Hair cortisol, perceived stress, and resilience as predictors of coronary arterial disease.

Stress Health

Department of Medicine, School of Medicine, Emory University, Atlanta, Georgia, USA.

Published: August 2022

AI Article Synopsis

  • The study explores the link between hair cortisol concentration (HCC) as a marker for chronic stress and the risk of coronary arterial disease (CAD) among 24 participants.
  • Results indicate that while HCC is significantly associated with CAD, its impact is weak compared to established risk factors like dyslipidemia and age.
  • Psychological and physiological resilience measures were considered, but they did not show a significant independent association with CAD, suggesting HCC's contribution to CAD risk is minimal in a typical population.

Article Abstract

The widespread prevalence of cardiovascular disease underscores the continuing need for identifying modifiable risk factors and novel targets for therapeutic intervention.
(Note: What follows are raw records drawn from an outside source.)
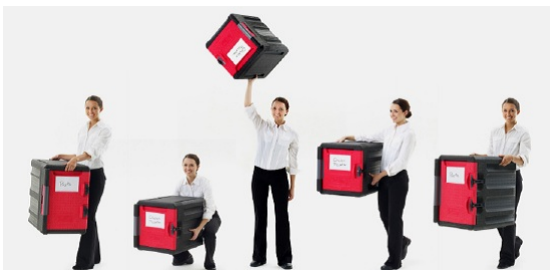
Metro MightyLite™ Insulated Pan Carriers

Take the heat out of the kitchen! Traulsen's G-Series and R & A Series refrigerators and freezers offer optional remote compressors to keep your kitchen cool and quiet. Many of the other leading brands can't offer this feature. Email us at premiermktg@kitchenreps.com to learn more.
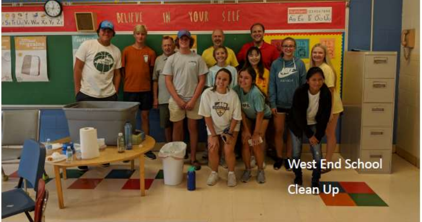
West End School Clean Up
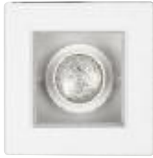
LCI31W Adjustable gimbal white trim w/white baffle 4-5/8" sq. (117 mm) Housing Lamp Wattage CMHR4GX GX10 20W GX10 39W
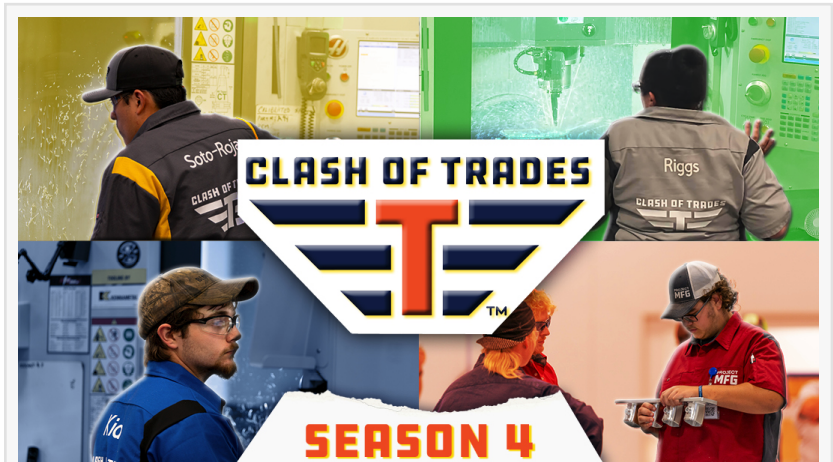
Season 4 of Clash of Trades comes out July 12th!

Episode 1 releases July 12th at 7pm CST, will highlight the first regional competition that was held at Texas A&M TEE's facility in College Station, Texas. It featured six competing teams: Vincennes University, Autry Technology Center, Pickens Technical College, South Adams High School, Lowell High

Hair cortisol concentration (HCC) is a promising biomarker for evaluating the contribution of chronic stress to the pathogenesis and prognosis of coronary arterial disease (CAD). In this cross-sectional study of 24 participants, we assessed the risk of CAD associated with HCC and with perceived chronic stress (Perceived Stress Score), controlling for the established risk factors of age, diabetes, hypertension, dyslipidemia, and obesity. In fully adjusted Poisson regression models, we additionally evaluated CAD risk with the simultaneous inclusion of psychological and physiologic resilience measures (CD-RISC, DHEA-S). Our results show that HCC, but not PSS, is significantly associated with CAD (incident rate ratio 0.99, confidence interval 0.98-1.00, p = 0.01), but the magnitude of the association is weak and inverse, and less than with dyslipidemia and age. The association remained significant after inclusion of the sum of resilience measures via a combined resiliency score. Resilience was not independently significantly associated with CAD. Our findings indicate the contribution of HCC to CAD risk is small in an average-risk population and remains after adjustment for multisystem resilience.